Selling in a Buyer's Market: What to Expect

If you decide to sell in 2026's market conditions, here is what to expect in Richmond Hill and Markham.

Realistic pricing is essential. Detached homes in Richmond Hill are averaging 95-98% of asking price with 30 to 40+ days on market. Markham is slightly stronger at 98% SP/LP overall with semis at 107%. Pricing the home at the right level from day one is critical. Overpricing in a buyer's market leads to a stale listing that eventually sells for less than a correctly priced listing would have. When both spouses need to agree on price, an agent who can present objective comparable data helps remove emotion from the pricing decision.

Preparation still matters. A home being sold during a separation is often in less-than-ideal condition (one spouse has moved out, deferred maintenance, emotional reluctance to invest in staging). But the market does not discount for your circumstances. Buyers compare your home against every other listing. Professional cleaning, decluttering, paint and staging deliver the same ROI in a separation sale as any other sale. The investment is worth making.

Timeline may be longer than expected. In a buyer's market, budget 60 to 90 days from listing to accepted offer, plus 30 to 90 days to closing. If your separation agreement or court order requires the sale by a specific date, start the process early enough to accommodate market realities.

Getting an Accurate Home Valuation

Whether you are selling, buying out or co-owning, you need to know what the home is worth. There are three common approaches.
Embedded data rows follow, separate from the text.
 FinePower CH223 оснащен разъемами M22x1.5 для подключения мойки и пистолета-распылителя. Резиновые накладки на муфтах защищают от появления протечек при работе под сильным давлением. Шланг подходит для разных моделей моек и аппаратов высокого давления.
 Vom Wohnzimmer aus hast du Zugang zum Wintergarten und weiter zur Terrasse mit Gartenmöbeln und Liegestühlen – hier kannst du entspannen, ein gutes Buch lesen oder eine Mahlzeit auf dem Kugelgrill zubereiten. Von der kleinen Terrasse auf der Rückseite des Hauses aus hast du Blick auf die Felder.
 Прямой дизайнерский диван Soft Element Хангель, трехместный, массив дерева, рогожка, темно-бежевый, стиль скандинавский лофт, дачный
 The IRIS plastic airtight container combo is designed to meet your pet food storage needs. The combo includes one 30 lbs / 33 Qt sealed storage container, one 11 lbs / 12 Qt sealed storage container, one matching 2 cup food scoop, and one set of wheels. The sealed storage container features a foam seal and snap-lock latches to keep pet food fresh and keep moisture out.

Comparative market analysis (CMA). Your real estate agent provides this based on recent comparable sales in the neighbourhood. It is free, fast and gives a realistic market value range. A CMA is usually sufficient for pricing a sale. It may not be accepted by the other spouse or their lawyer for equalization purposes because it is prepared by a party with an interest in the transaction.
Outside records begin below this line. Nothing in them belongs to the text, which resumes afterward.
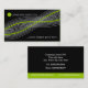 Green and grey crossed curved lines and circle modern custom business card template featuring two lime green and several grey crossed curved lines on black. A fully customisable template perfect for professional use.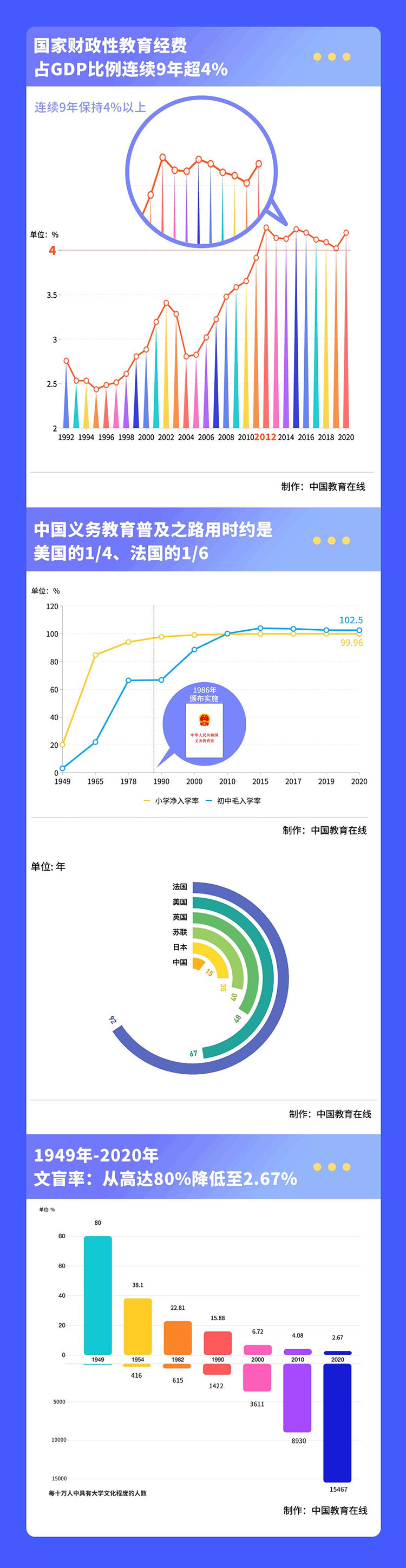 義務(wù)教育是中國的百年夢(mèng)想。新中國成立之初,學(xué)齡兒童入學(xué)率只有20%。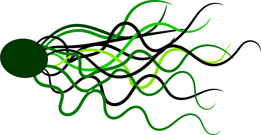 This features a green and yellow object, possibly an alien or a creature, with long tentacles trailing behind it. These tentacles are of various lengths and colors, including green, white, and black. They appear to be flowing in the air, creating a dynamic and interesting visual effect. The overall composition of the image gives off a sense of motion and energy, as if the object is moving or flying through space.

Independent appraisal. A certified appraiser (AACI or CRA designation) provides a formal written appraisal that holds up in legal proceedings. Cost: $300 to $600. This is the standard approach for buyout valuations and contested separations. If the spouses cannot agree on a value, each may hire their own appraiser, with the average of the two appraisals used as the agreed value.
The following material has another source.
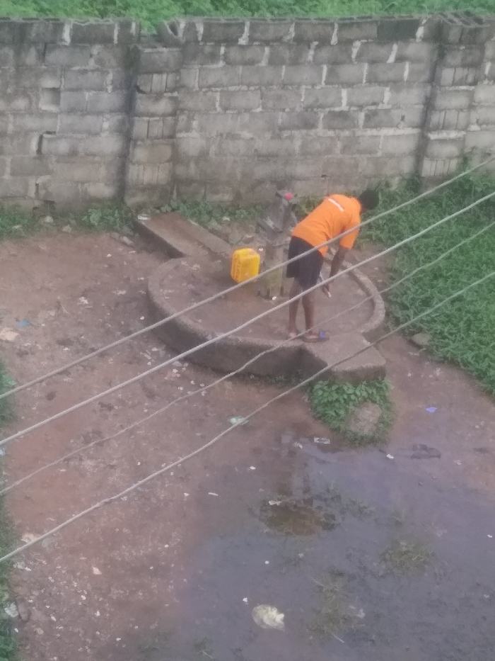 The image depicts an outdoor scene in Ihiagwa, Nigeria, featuring a single individual at a communal water source
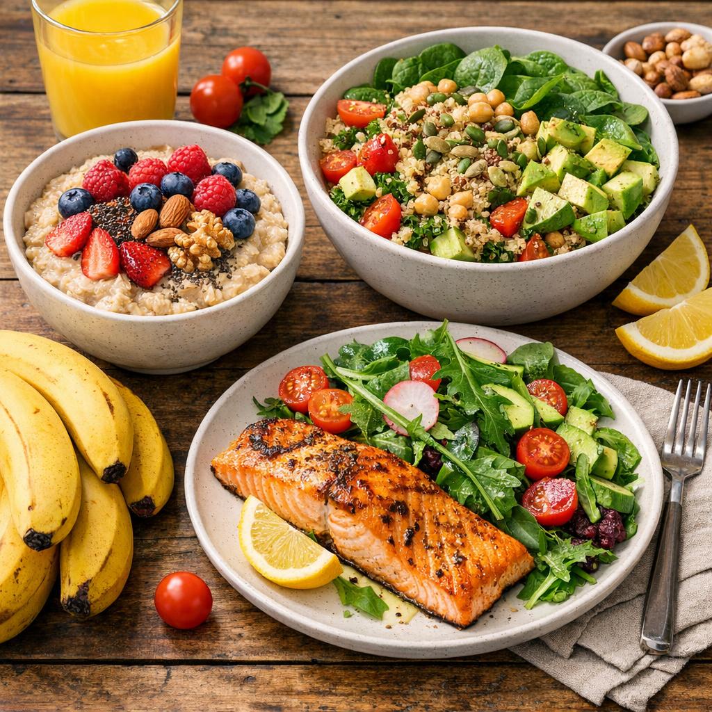 Mit Haferflocken, frischem Obst, Vollkornprodukten, Nüssen und Fisch lässt sich der Körper optimal versorgen. Regelmäßige Mahlzeiten, ausreichend Flüssigkeit und ein Verzicht auf leere Kalorien unterstützen die Energiezufuhr zusätzlich.

Agreed value. Both spouses simply agree on a value based on market data, their own research or a combination of CMA and appraisal input. This works when the relationship is amicable enough for good-faith negotiation.

Building the Right Professional Team

Navigating a separation sale requires more than just a real estate agent. You need a coordinated team.

Family law lawyer. Advises on your rights, the equalization framework, the separation agreement and any court proceedings. Each spouse should have independent legal counsel. Do not share a lawyer.

Real estate agent. Handles the sale or provides valuation support for a buyout. Choose an agent experienced in separation sales who understands the need for neutrality, patience and communication with both parties. The agent should be comfortable receiving instructions from both spouses and, if necessary, from the lawyers representing each spouse.

Mortgage broker. If one spouse is buying out the other, the mortgage broker determines whether refinancing in one name is feasible and at what terms. This conversation should happen early because it determines whether a buyout is financially possible.

Appraiser. Provides an independent valuation if the spouses cannot agree on the home's value. The appraiser's opinion carries weight in legal proceedings that a CMA does not.

Accountant. Advises on the tax implications of the sale or transfer, including capital gains treatment (the principal residence exemption may apply differently depending on the circumstances) and the impact on each spouse's tax position.

Common Mistakes to Avoid

Using the Home as Leverage

Refusing to sell, refusing to agree on a price or sabotaging showings to gain leverage in custody or financial negotiations hurts both parties. The home loses value if it is poorly maintained, overpriced or left vacant. Courts take a dim view of spouses who unreasonably obstruct the sale process. The fastest path to a fair outcome is treating the home as a financial asset to be managed rationally, even when the emotional reality is anything but rational.

Agreeing to a Buyout Without Verifying Affordability

The spouse who wants to keep the home may commit to a buyout without confirming they can qualify for the refinanced mortgage, afford the monthly payments and cover maintenance, taxes and insurance on a single income. A buyout that stretches one spouse to their financial limit creates a different kind of crisis 12 to 24 months later. Verify affordability with a mortgage broker before agreeing to terms.

Delaying the Decision

The longer the home sits in limbo (co-owned without a clear plan, neither maintained nor sold), the more value erodes. Deferred maintenance accumulates. Property taxes and mortgage payments continue. Carrying costs strain both parties. Market conditions may improve or worsen. Making a decision, even a difficult one, is almost always better than deferring indefinitely.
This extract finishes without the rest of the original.